The summer canning season is in full swing. We’ve been harvesting in earnest and preparing the empty beds with compost for the next round of planting. Our tomatoes and tomatillos are finished, as are the summer squash. We will replant the squash and tomatoes for a fall crop. The watermelons are ripening. The red ripper cowpeas are huge and should start producing any day now. Our new bees are busy pollinating everything and we can definitely see the difference in our garden’s productivity. We have jars of pepper relish, serrano pickles, pickled jalapeños and serranoes, and various jams and jellies being added to the pantry weekly. Our freezer is stocked with sweet corn and green beans. This is the time of year when we are truly rewarded for all of our hours of labor and toil in the garden.

I love gardening, it’s true, but my favorite type of gardening is herb gardening. Herbs are hands-down the most versatile and useful plants in my entire yard. The bees love them. They smell good. They taste good. They make other foods taste good. They can be used for food, for beauty, for medicine, for crafts. They are easy to grow. They can be grown in small pots on the windowsill or tucked into small empty spots in the garden beds. Herbs are just amazing plants.

Being a Horticulture major, I’ve studied a lot of ethnobotany (people-plant interactions throughout history) and I’ve learned quite a bit about the various uses our ancestors had for different plants that aren’t commonly used today. I read about them and immediately want to try them (plant nerd!). I study and practice herbalism. I love to cook. I have a large herb garden that I’m planning to make even larger this fall. I plant herbs in my vegetable garden, my flower beds, in pots on the porch, wherever I can find a spot for them.

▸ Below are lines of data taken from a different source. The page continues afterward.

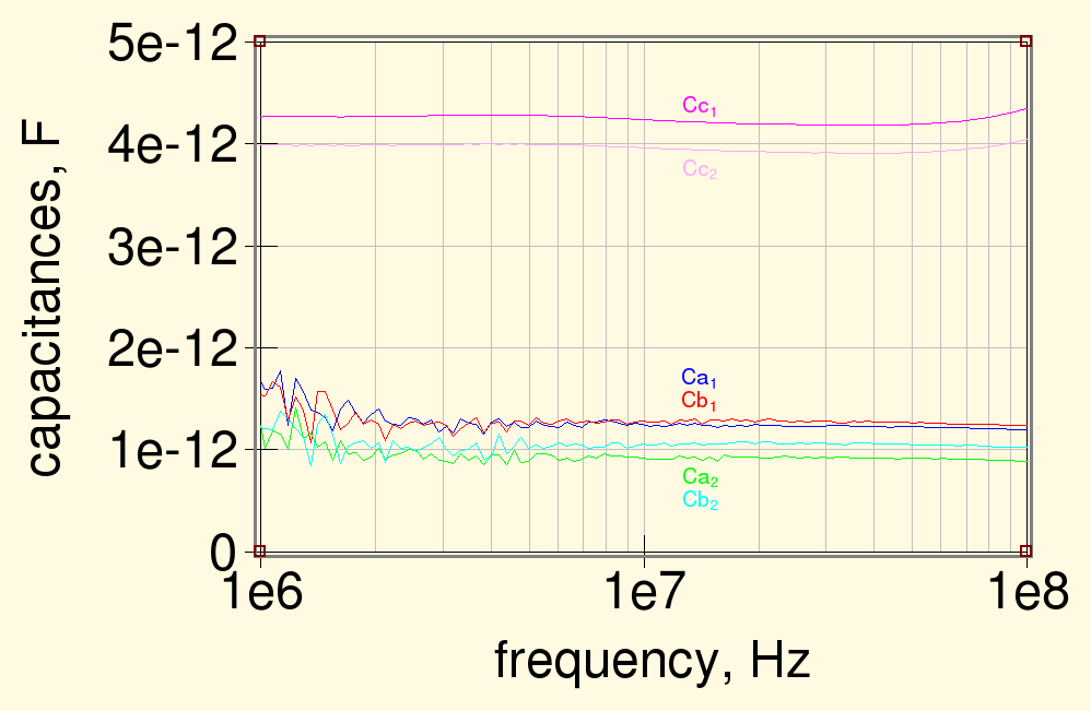 The resulting equivalent capacitances are shown in the next graph (both transformers shown above were measured, respective results are denoted by the suffixes 1 and 2 in the graph below); note that they are fairly constant between 1 and 100 MHz, which confirms that the short-circuited transformer is well approximated by this equivalent circuit in the frequency range of interest.
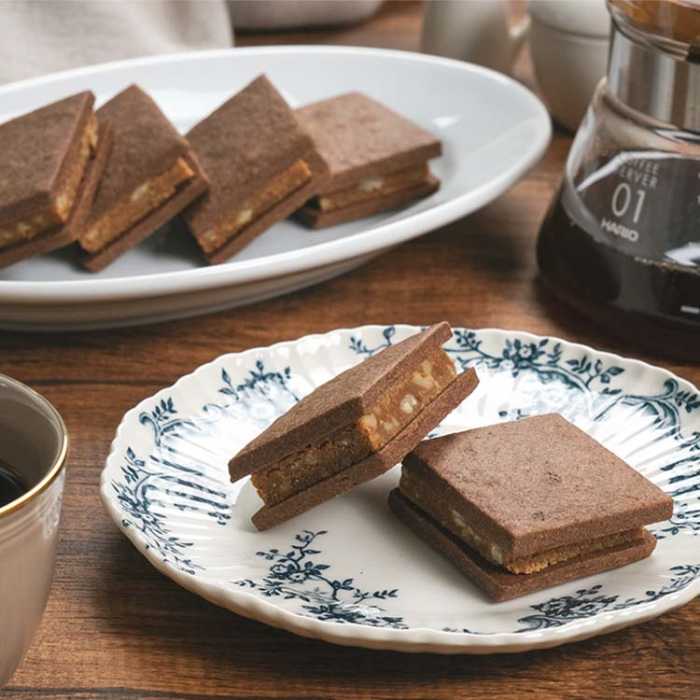 シンプルで素材にこだわったスナックミーの『ココアとくるみのキャラメルナッツサンド』は、寒い季節のティータイムをちょっと特別にしてくれるお菓子。
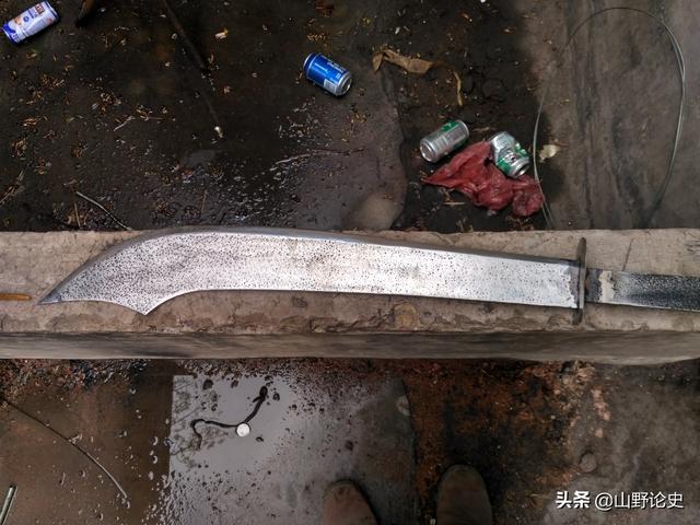我自己打造了一把做工粗糙一点的,直接用轧钢厂轧钢锯片切割出粗坯,然后在细磨。虽然粗糙一点,但是狗腿刀的基本特性有了,自己拿在手里感觉一下,确实有其独特的一面。作为对比,我还打造了一把正曲刀。
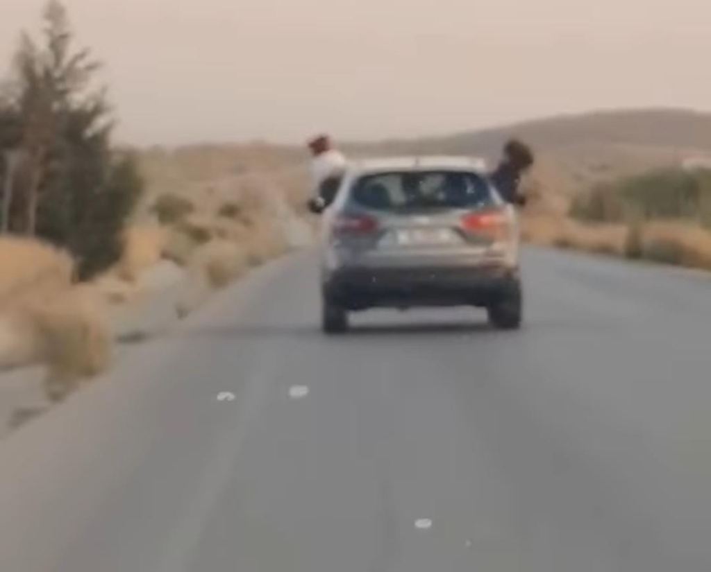 Seyir halindeki araçta yolcu olarak bulunan iki şahsın, aracın camlarından bellerinin yarısında kadar çıkarak insan hayatına tehlike arz edecek şekildeki görüntülerinin paylaşılması üzerine polis ekipleri harekete geçti.
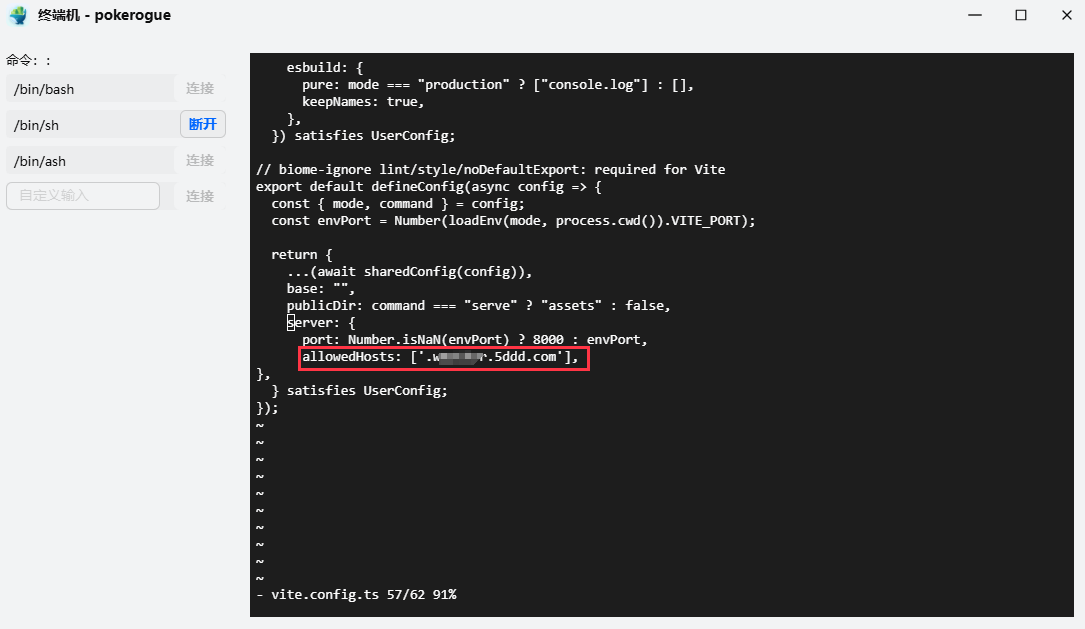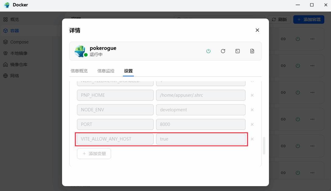 以我的fnOS中的Docker为例,构建好pokerogue容器后,需要在设置中的“环境变量”设置里添加一条变量,VITE_ALLOW_ANY_HOST = true
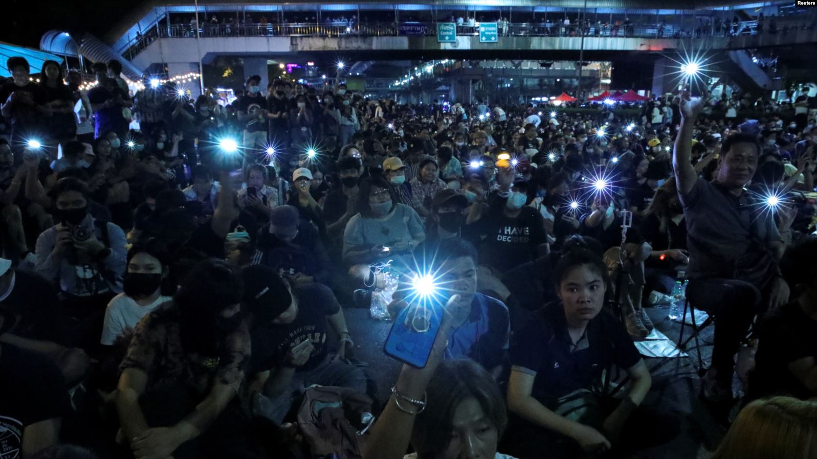 ထိုင်းနိုင်ငံမှာ အစိုးရဆန့်ကျင် ဆန္ဒပြသူတွေအနေနဲ့ မနေ့က ညီညီညာညာ တန်းစီချီတက်ကာ ဝန်ကြီးချုပ်နုတ်ထွက်ပေးရေး၊ ဖွဲ့စည်းပုံအသစ် ရေးဆွဲရေးနဲ့ ဘုရင်စနစ်ပြောင်းလဲရေး မိန့်ခွန်းတွေ ဟောပြောခဲ့ကြပါတယ်။

They’re great for companion planting, as many of them repel garden pests and diseases or boost the health of other plants. There’s only one problem: my herbs grow out of control. We rarely have any hard freezes, so the herbs don’t really die back in the winter. They just get a new flush of growth.

I harvest my herbs and dry them, of course, as well as making macerated oils and tinctures. I use them to make soaps and lotions, creams and salves. I use them for medicine. I also freeze them. Obviously, I snip fresh herbs for cooking. It just seems like as many uses as I have for them, I just can’t seem to use them all up. So, to that end, I started experimenting. I’ve begun making herbal jellies.

It all began when I was outside picking blackberries to make jam. We have a wild honeysuckle vine growing around the shrubs that protect our well. I picked a flower and sucked out the nectar (yes, I still do that. Why should kids get all the good stuff?), and thought about what it would be like to be able to taste that floral sweetness all year. That’s when it hit me: why not make a honeysuckle jelly? I presented the idea to my husband, and off we went to forage for honeysuckle flowers.